Por fortuna -y mucho sacrificio, después de algunos años y bastantes callos en las manos de mi madre, esas mismas que al acariciarme se volvían tiernas, mamá y yo ascendimos en el escalafón de las porteras. Nos procuraban mejores fincas por su buena labor. Madre y polluela prosperabamos a la par que alcanzabamos mayor altura. Dejamos el sótano a nuestros pies: primero fue un bajo, después una entreplanta y finalmente recaímos en la buhardilla desde donde escribo estas líneas y dónde ocurrió la metamorfosis, seguramente debido a la influencia de no tener a nadie habitando sobre nuestras cabezas.

Yo sólo tenía a mamá y mamá sólo me tenía a mi. Mi padre había volado al cielo – así me lo contaba ella y yo la creía, la creía a pies juntillas. De mi padre recordaba vagamente su sonrisa y sus manos toscas pero afables y su olor. Ese olor que ya nunca más volvería a percibir, indescriptible e hipnótico a la vez, entre a pan caliente, licor dulce y madera verde.
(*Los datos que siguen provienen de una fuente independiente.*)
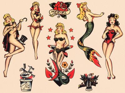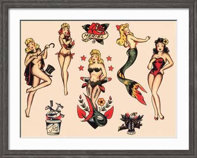 Mermaids And Dancers Authentic Mid Century Tattoo Flash By Norman Collins Aka Sailor Jerry Posters Piddix Allposters Com

En mi imaginación mi padre extendía sus alas como un águila majestuosa y surcaba el inmenso azul cielo dibujando una estela en la que yo era capaz de distinguir palabras. Vuela Paloma Mía. Mi mente festiva emprendía el despegue a la par que mis manos, creyéndose alas, se afanaban por acariciar las palabras forjadas de nubes.

La buhardilla donde habito es estrecha pero luminosa, aunque lo mejor es que el cielo se asoma sin disimulo a sus tragaluces a dos aguas, no como en el aquel sótano en el que apenas se alcanzaba a ver las sucias suelas de los zapatos de los transeúntes, donde el azul sólo se dejaba ver en nuestros sueños más felices.

Mi buhardilla cuenta con una pequeña puerta que no es posible atravesar sin doblar el espinazo a la mitad. Como en casi todo el espacio techado, tienes que salvaguardar la cocotera del coscorrón y posterior chichón. Eso pasa sobretodo si no calculas bien las distancias dimensionales de la propia cabeza o si han caído más gotas de anís al agua de la palomita de la sobremesa.

Aquella diminuta puerta se convirtió un buen día en la puerta de mi libertad anhelada. A través de ella nacía una pequeña azotea donde yo oteaba el cielo y los tejados, y la plaza, donde los transeúntes se dibujaban como hormigas insignificantes a mis pies. Desde la azotea controlo el tráfico aėreo, la climatología y las bandadas de migratorias en busca la tierra prometida. También las estrellas. Aquí los pájaros, palomas y gorriones también, me enseñaron todo lo que ahora sé. Ellos son mis amigos. Ellos nunca me han fallado para cantarme al unísono el Cumpleaños Feliz en plena canícula estival. Yo les invitaba a pastel y ellos me ayudaba a soplar las velas batiendo sus alas conmigo. No había globos, pero mejor aún, había estelas y, con serpentinas dibujadas sobre el tapiz del cielo, siempre se leía Feliz Cumpleaños Mi Palomita Mi niña. ¡¡Pies para qué os quiero si tengo alas para volar!!

Al igual que los pájaros yo rehuía de la gente en general, y de los vecinos, y de los niños del colegio, de los maestros y de los carteros en particular. De todas las miradas que juzgaban con condescendencia a la niña cabeza de chorlito habitante del tejado. De todos rehuía menos de los pájaros y de mi madre.

-Saluda a la Señá Rosita hija no seas tímida. -Niña deja los pájaros y baja a jugar con los otros niños. Me reprendía amorosamente hasta que se dio por vencida y asumió que su pajarita no estaba hecha para andar a ras del suelo.

Ante la negativa a mis suplicas de comprarme unas portentosas alas emplumadas a todo lujo de detalle, expuestas en el escaparate de una tienda de disfraces y fantasía de renombre, yo misma me fabriqué unas calcadas de un viejo libro con un paraguas destartalado, el palo de una escoba calva y las plumas que atesoraba en una saca de azúcar, que, con la excitación de quien encuentra monedas de oro en un patatal, recolectaba del suelo. Así jugaba yo inmersa en mis ensoñaciones, simulándome en el punto álgido de la coreografía levantar el vuelo, queriendo alcanzar con mi danza la estela que mi padre dejó en su partida. ¡Soy un pájaro!! ¡¡Puedo volaaaar!! ¡¡Izo mis alas y levanto el vuelo!! ¡¡que suene la música !! ¡VOLARE OH OOH!! ¡¡no toco el suelo!!! La felicidad se abría paso a sólo un paso de la cornisa. Un día daré el salto. Seré libre. El día en el que el cielo esté preparado para mis alas.